A NUMTOT version of the Distracted Boyfriend meme.

New Urbanist Memes for Transit-Oriented Teens

It started as a joke. Then it became a thing.

You might imagine that the appeal of a joke Facebook group about new urbanism—a design movement that promotes mixed-use, walkable neighborhoods and public transit—would be somewhat limited. And you would be wrong.

Juliet Eldred, AB’17 (geographical studies and visual arts), started New Urbanist Memes for Transit-Oriented Teens (NUMTOT) in March 2017, during finals week. Eldred is now an analyst at a transportation consulting firm in Boston, and NUMTOT has more than 125,000 members. There are three administrators, including Emily Orenstein, Class of 2019, and nine moderators. The group had to add moderators in Australia because discussions got heated while the American moderators were asleep.

NUMTOT has been written about in Chicago magazine, the Atlantic’s Citylab blog (“The Transit-Oriented Teens Are Coming to Save Your City”), the Guardian, and the New York Times.
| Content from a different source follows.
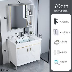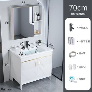 升级70落地白金柜陶瓷盆+毛巾镜柜【48宽】-

It’s inspired more than 60 spinoff groups, including Two Wheeled Memes for Bicycle Oriented Teens, Transit Focused Snaps for Composition Minded Chaps, Teutonische Städtebau-Meme für verkehrinteressierte junge Erwachsene, and NUMTinder.

One day this past summer, Eldred took time during her lunch hour to explain the NUMTOT phenomenon.


First, you’re not actually a teen.

No. It’s a ridiculous Facebook meme group naming convention, Blank Memes for Blank Teens.

How did NUMTOT get so famous?

It struck a nerve in a way I don’t think any of us were expecting. Things you would think are niche—street design and trains and planning—are actually relevant to everybody and affect our day-to-day lives.

Do your parents understand the memes?

My mom is in the group. She’s very supportive. Sometimes she’ll call me a NUMTOT and I’m like, “Mother, please don’t.” She does occasionally ask me to explain things. It’s weird and sort of cringey to have to explain.

It’s not just a meme group though.

I sometimes wish people were less serious. We started it as a joke group. It was never intended to be a serious discussion group.

Back in November 2016, I had started the Facebook group I Feel Personally Attacked by This Relatable Map, mostly about maps and stuff. In March 2017 there was a thread about highway planning. It ended up devolving into joking about Robert Moses [the urban planner who wanted to drop a highway on Greenwich Village] and Jane Jacobs [author of The Death and Life of American Cities (Random House, 1961) and Moses’s archenemy]. That led to the idea of starting a new urbanist shitposting Facebook group.

Is there a long-term plan?

Usually Facebook groups burn out on their own. This group hasn’t shown any signs of doing that. The broader mission, which has sort of become a reality, is to connect people to real-life organizing and activism opportunities.

I actually went to a NUMTOT Meetup group in Somerville [Massachusetts] that I had no part in organizing. There were 20 people there. I was really surprised.